Which Schools Offer Master's Degrees in Wildlife Biology?

Master's degrees in wildlife biology include in-depth coursework in areas like issues in wildlife, conservation, and natural resources. Online options are designed for professionals in the field.

  • American Public University offers a Master of Science in Environmental Policy and Management with a Fish and Wildlife Management Concentration.
  • There's an online Professional Science Master's in Fisheries and Wildlife Administration available at Oregon State University.
  • An online Master of Fish, Wildlife, and Conservation Biology (FWCB) degree program is offered at Colorado State University.

Which Schools Offer Doctoral Degrees in Wildlife Biology?

Many relevant graduate programs in wildlife biology are associated with state and national parks. Here are a few doctoral programs available from areas of the country where wildlife is prominent.
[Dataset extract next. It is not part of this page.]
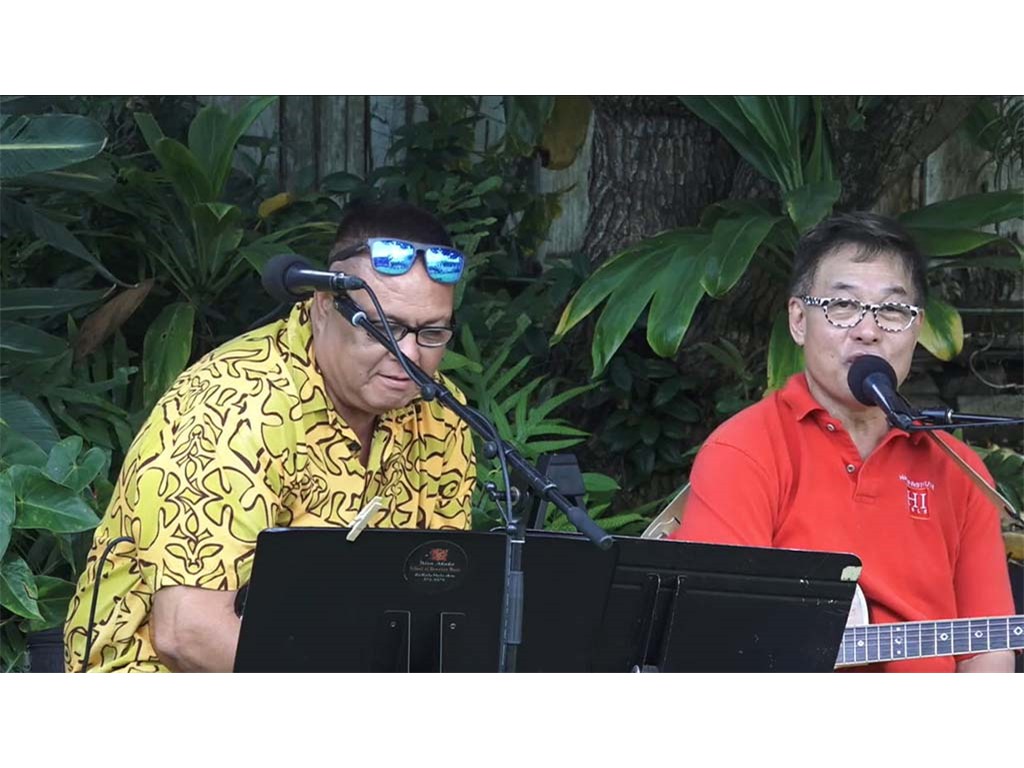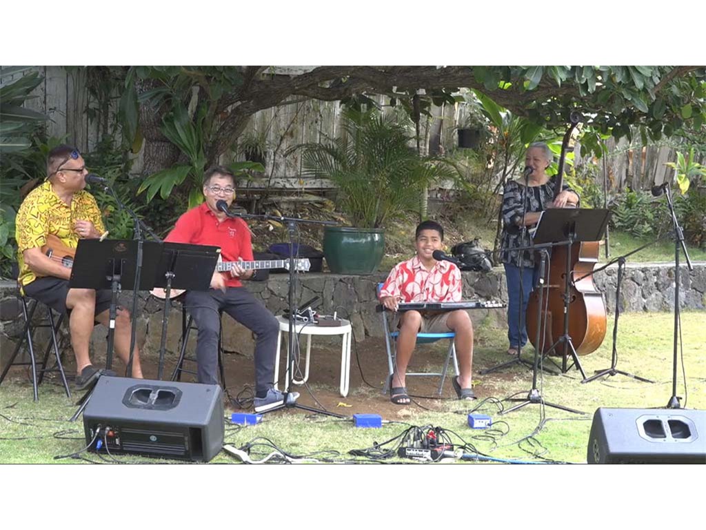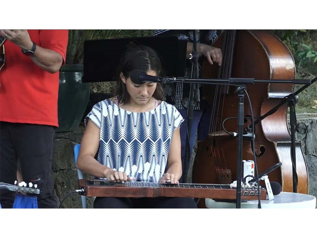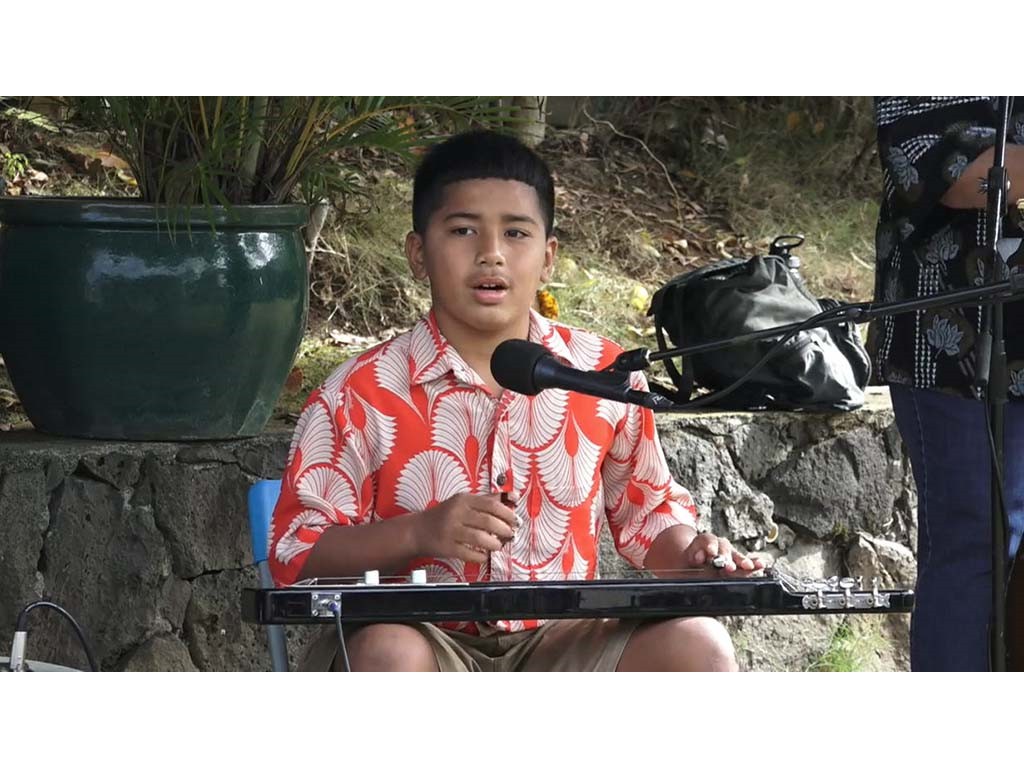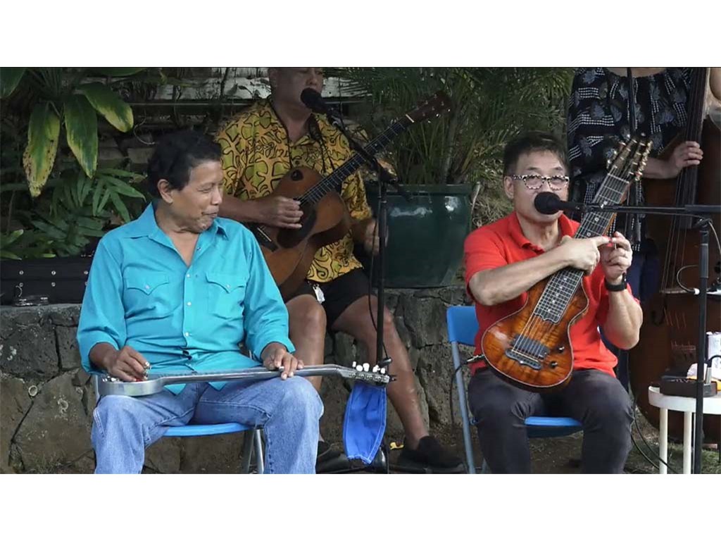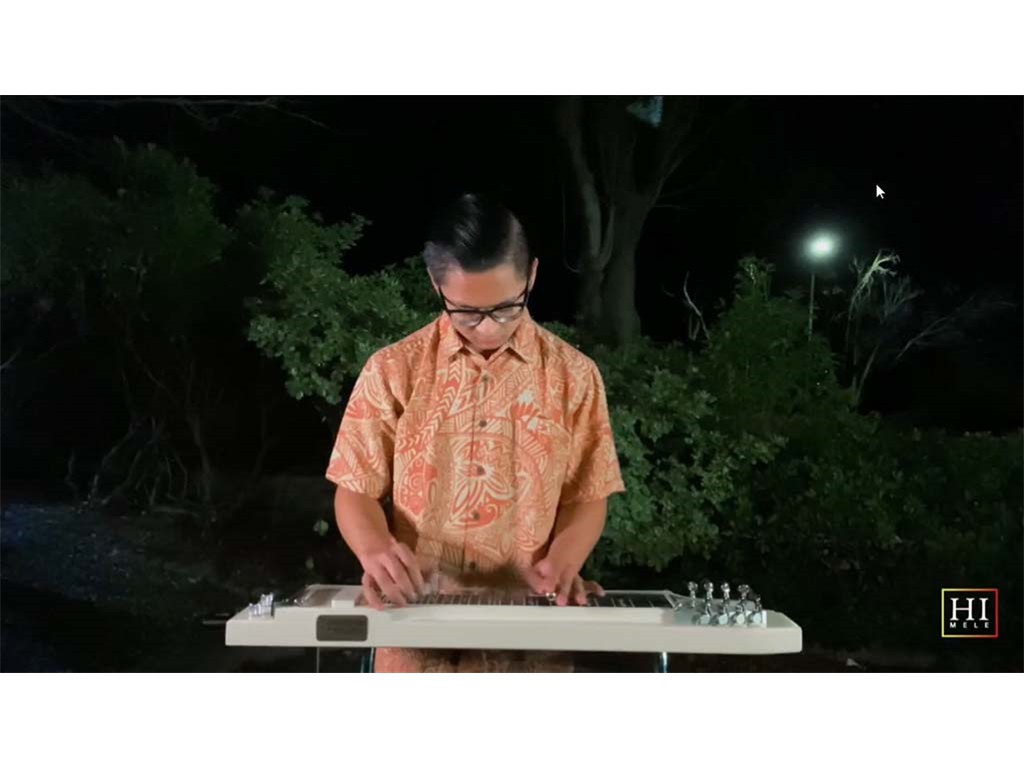 The Livestream Steel Guitar Saturday on October 16, 2021, featured live performances by NextGen Steel guitarists Enosa Lyman, Tai Misailidis, Pono Fernandez, Joey Misailidis, and Mālile Lyman with Alan Akaka on guitar, Kaipo Asing on ‘ukulele and Helene Woodward on upright bass. Prerecorded performances by NextGen steel guitarists Justin Firmeza and Ethan Goore were also included in the livestream. A steel guitar kanikapila jam session followed with Greg Sardinha, Bobby Ingano, and Alan Akaka on steel guitars, backed up by Kaipo Asing on guitar and Helene Woodward on upright bass.

  • Oregon State University provides a Doctor of Philosophy (Ph.D.) degree program in Fisheries Science and Wildlife Science.
  • A Doctor of Philosophy (Ph.D.) degree program in Fish and Wildlife Biology is available from Montana State University.
  • Colorado State University offers a Doctor of Philosophy (Ph.D.) degree program through its Department of Fish, Wildlife and Conservation Biology.

Wildlife biology courses are widely available through undergraduate and graduate degree programs. Students can even enter into programs that are offered through distance learning.